### Problem description
Reproduce verbatim the line where "Fresh & Clean" occurs, along with all following lines down to the last line of the data.

┌─ Given records

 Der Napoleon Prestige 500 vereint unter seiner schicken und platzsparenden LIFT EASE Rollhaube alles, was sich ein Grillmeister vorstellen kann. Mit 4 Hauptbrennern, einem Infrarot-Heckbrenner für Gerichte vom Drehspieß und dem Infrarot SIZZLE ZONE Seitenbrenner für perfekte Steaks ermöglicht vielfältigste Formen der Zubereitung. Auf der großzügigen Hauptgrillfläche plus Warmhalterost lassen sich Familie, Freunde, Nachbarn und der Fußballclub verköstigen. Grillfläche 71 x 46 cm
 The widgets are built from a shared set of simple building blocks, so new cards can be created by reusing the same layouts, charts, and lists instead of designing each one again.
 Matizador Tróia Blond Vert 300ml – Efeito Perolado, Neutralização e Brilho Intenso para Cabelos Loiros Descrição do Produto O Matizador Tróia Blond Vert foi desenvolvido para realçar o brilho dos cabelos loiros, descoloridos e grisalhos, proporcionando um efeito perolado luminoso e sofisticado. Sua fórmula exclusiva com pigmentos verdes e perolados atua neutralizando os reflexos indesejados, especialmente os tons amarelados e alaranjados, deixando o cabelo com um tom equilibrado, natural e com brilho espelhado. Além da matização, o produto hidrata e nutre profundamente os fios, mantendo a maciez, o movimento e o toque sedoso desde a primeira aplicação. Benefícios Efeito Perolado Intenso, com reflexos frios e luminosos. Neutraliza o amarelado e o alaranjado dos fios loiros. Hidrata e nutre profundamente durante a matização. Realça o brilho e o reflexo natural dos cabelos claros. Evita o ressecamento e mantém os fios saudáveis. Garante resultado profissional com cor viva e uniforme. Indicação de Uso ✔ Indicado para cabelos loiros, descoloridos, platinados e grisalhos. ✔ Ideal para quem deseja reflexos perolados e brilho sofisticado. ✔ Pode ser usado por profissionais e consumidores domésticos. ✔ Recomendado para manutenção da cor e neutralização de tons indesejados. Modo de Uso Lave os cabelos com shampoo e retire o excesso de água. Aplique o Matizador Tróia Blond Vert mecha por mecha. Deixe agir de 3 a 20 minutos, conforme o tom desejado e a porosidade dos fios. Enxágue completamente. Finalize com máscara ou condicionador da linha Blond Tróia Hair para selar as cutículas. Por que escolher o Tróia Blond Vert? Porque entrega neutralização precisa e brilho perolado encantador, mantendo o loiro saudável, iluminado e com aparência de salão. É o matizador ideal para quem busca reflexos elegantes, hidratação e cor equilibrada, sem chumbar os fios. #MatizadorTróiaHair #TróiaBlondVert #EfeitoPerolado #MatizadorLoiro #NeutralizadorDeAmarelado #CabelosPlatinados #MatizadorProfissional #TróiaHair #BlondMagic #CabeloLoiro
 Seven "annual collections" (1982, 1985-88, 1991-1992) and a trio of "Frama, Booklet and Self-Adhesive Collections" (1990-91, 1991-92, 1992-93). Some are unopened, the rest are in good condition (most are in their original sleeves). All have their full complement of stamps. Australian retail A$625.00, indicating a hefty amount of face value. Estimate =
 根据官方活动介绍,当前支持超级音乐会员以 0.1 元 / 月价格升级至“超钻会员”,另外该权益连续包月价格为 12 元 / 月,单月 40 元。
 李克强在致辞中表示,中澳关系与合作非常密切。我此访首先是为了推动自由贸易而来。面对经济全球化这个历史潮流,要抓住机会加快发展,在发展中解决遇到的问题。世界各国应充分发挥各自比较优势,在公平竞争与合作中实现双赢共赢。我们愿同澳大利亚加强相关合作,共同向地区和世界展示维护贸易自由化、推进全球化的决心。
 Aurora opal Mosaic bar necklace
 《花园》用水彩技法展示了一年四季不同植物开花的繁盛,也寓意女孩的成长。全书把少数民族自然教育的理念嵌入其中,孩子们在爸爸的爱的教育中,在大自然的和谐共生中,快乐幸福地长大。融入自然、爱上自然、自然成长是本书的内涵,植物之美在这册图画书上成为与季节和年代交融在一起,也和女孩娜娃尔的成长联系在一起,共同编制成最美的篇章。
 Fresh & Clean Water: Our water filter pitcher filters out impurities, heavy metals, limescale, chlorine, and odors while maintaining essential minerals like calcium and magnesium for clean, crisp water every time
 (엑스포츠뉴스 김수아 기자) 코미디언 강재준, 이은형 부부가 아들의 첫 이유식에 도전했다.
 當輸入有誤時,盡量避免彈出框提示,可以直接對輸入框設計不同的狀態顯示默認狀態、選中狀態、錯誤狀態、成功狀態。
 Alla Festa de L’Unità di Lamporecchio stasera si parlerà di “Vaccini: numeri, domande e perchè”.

└─

### Answer for this exercise
 Fresh & Clean Water: Our water filter pitcher filters out impurities, heavy metals, limescale, chlorine, and odors while maintaining essential minerals like calcium and magnesium for clean, crisp water every time
 (엑스포츠뉴스 김수아 기자) 코미디언 강재준, 이은형 부부가 아들의 첫 이유식에 도전했다.
 當輸入有誤時,盡量避免彈出框提示,可以直接對輸入框設計不同的狀態顯示默認狀態、選中狀態、錯誤狀態、成功狀態。
 Alla Festa de L’Unità di Lamporecchio stasera si parlerà di “Vaccini: numeri, domande e perchè”.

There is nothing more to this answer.